# Killies Import > Non-Killie Segment >  Paramecium Culture

## selena

Hi Scott,

Mmmm................now what do you want me to do with this little bottle I just receive 10 minutes ago? You are the 2nd guy after Keehoe to sent me the creepy stuff in the mail. He sent me Walterworm in a smash-up container with worms crawling out about and Phew! What a smell! I think he did it on purpose, you know what?
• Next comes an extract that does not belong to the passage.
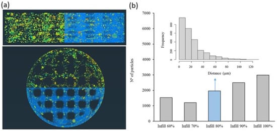 To evaluate in depth the distribution of the HA particles in the 3D-printed scaffold fabricate by the proposed one-step methodology, a detailed study was performed using computed tomography. In this aspect, it is important to notice that the distribution of HA in the PLA matrix will influence not only the mechanical properties but also the regeneration process given the influence of surface roughness and HA direct availability on bone cell adhesion and activity. Thus, the size of HA particles after the printing process and their distance from the surface of the PLA matrix were evaluated. In Figure 7a, the distribution of HA particles (mainly orange, yellow and green colors) embedded in the PLA matrix (blue color) can be observed in a segmented image of the PLA13HA scaffold with 60% of infill. The different color of the HA particles indicates different distances in depth from the PLA surface to the inner part of each PLA/HA printing filament. The warmer colors (orange) correspond to the HA particles situated closer to the PLA surface. A homogeneous distribution of HA particles, both the longitudinal and cross sections of the scaffolds at the macro level, can be first easily observed together in Figure 7a with the size of the HA particles being in the range from 0 to 1 × 10−4 mm3. Larger sizes correspond to particle aggregates caused by the stop/start-up operation linked to this manufacturing methodology and can be clearly observed in the PLA13HA scaffolds (Figure 3c). The quantitative data of the HA particle distribution were obtained for the different 3D-printed PLA/HA scaffolds, registering the number of HA particles in relation to their position in distance from the surface. For it, and given that different parts of a single HA particle will be at different distances in depth from the cord surface, the average distance of each particle was the one calculated. These quantitative data are presented in Figure 7b for the PLA3HA scaffolds with infill from 60 to 100%. It can be first observed that the number of particles in each scaffold tends to increase with the percentage of infill, as expected, obtaining a maximum number of around 3000 particles in the case of PLA3HA-100%, with around 1000 particles for the same scaffold with the lowest infill. The frequency distribution of those particles was also obtained for all the scaffolds and presented in the inset of Figure 7b for the PLA3HA-80% scaffolds. At the micro level, related to the biocomposite cords, an exponential distribution of particles can be seen from the surface toward the interior of the cord, found in the first 80 μm (10% of the entire cord). This exponential distribution was repeated for the remaining samples in the series. This distribution would be beneficial for the application described by providing highly bioavailable HA and favoring the interaction with the cells without the need to wait for the entire degradation of the polymer.

I am going to sent him some fruitflies maggots in the mail.

Will I kill them if I pour them into a larger container of aged water or boiled water. How do I prepare the oats for feeding? Do I soak them or just throw some into the culture. Do they need light, aeration and do I put a plastic film over the container like your greenwater?

 :Laughing:   :Laughing:  Anyway thanks Scott for the early X'mas present. Can't you read the fineprints when I did not respond when you insist on senting creepy crawlies to me. Girls or women preferred gifts like soft toys, jewellery...... and cute cute stuff. Not worms or creepy crawlies!!  :Laughing:   :Laughing:  

---------------------------------
Selena

----------


## Scott_sg

Hi Selena,

Hmmm there is just no pleasing women is there...  :Wink:  

Ok the paramecium are easy just add some boiling water to a take away container, and add some oats about a teaspoon, wheat or uncooked rice will work also. Add them when it is hot and put the lid on the container and allow to cool. Then add some of the starter culture. That is all. 

Be careful to try and keep the lid on as much as possible, since they are pure cultures and will get infected from the air. So if you open it tip the lid partially open rather than taking the whole thing off. They don't like any bright light just normal room light is fine. Just feed with a dropper and occasionally renew the culture as above, maybe once a month.

If everything works nice your container should turn nice and milky, and you will be able to see them swimming around in there. In the home there is no way to keep it sterile but really just try and make it as nice for the paramecium as possible, then they will become the dominant organism there.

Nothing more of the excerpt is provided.